Most communication between neurons occurs at a specialized structure called a synapse. A synapse is an area where two neurons come close enough to one another that they are able to pass chemical signals from one cell to another. The neurons are not actually connected, but are separated by a microscopically small space called the synaptic cleft. The cleft is less than 40 nanometers wide; by comparison a human hair is about 75,000 nanometers.

The neuron where the signal is initiated is called the presynaptic neuron, while the neuron that receives the signal is called the postsynaptic neuron. In the presynaptic neuron, there are chemical signals called neurotransmitters that are packaged into small sacs called vesicles. Each vesicle can contain thousands of neurotransmitter molecules. When the presynaptic neuron is excited by an electrical signal called an action potential it causes these vesicles to fuse with the presynaptic membrane and release their contents into the synaptic cleft.

Once they are in the synaptic cleft, neurotransmitters interact with receptors on the postsynaptic membrane. They bind to these receptors and can cause an action to occur in the postsynaptic cell as a result. This action may involve increasing the likelihood that the postsynaptic cell will become activated and itself fire an action potential, or decreasing it (inhibition).

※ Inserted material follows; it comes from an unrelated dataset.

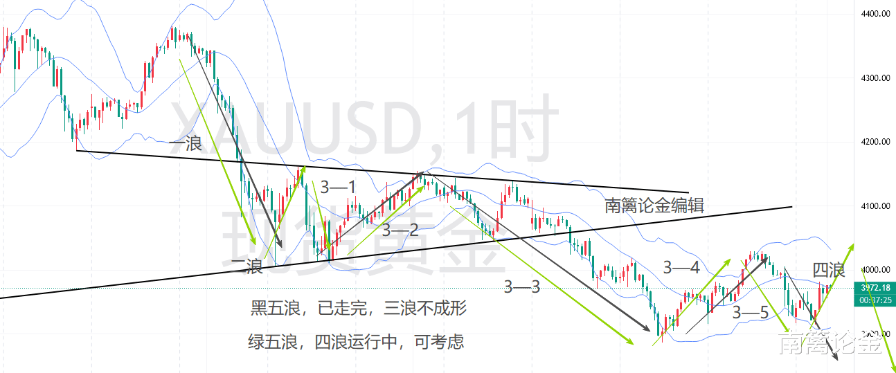 刚刚测算中换了个思路,把现在并不完全的三浪和四浪拆解一下,作为小时图上的3—1;3—2;3—3;3—4出现,此时的小②浪和小④浪基本就等长了。黄金昨天下跌不多,还没有小⑤浪的新低,但是勉强这样成型也行,不高于昨天的4030就OK。三浪成型,四浪的反弹中,如果还有新低,则关注在3845—25内的情况;反之,这样走,阻力可就得重现4073,怪为难人的。

Eventually, the neurotransmitter molecules must be cleared from the synaptic cleft. Some of them will simply drift away in a process called diffusion. In some cases, the neurotransmitter is taken back up into the presynaptic neuron in a process called reuptake. Once back inside the presynaptic neuron, the neurotransmitter can be recycled and reused. In other cases, enzymes break down the neurotransmitter within the synapse. Then the component parts can be sent back into the presynaptic neuron to make more neurotransmitter.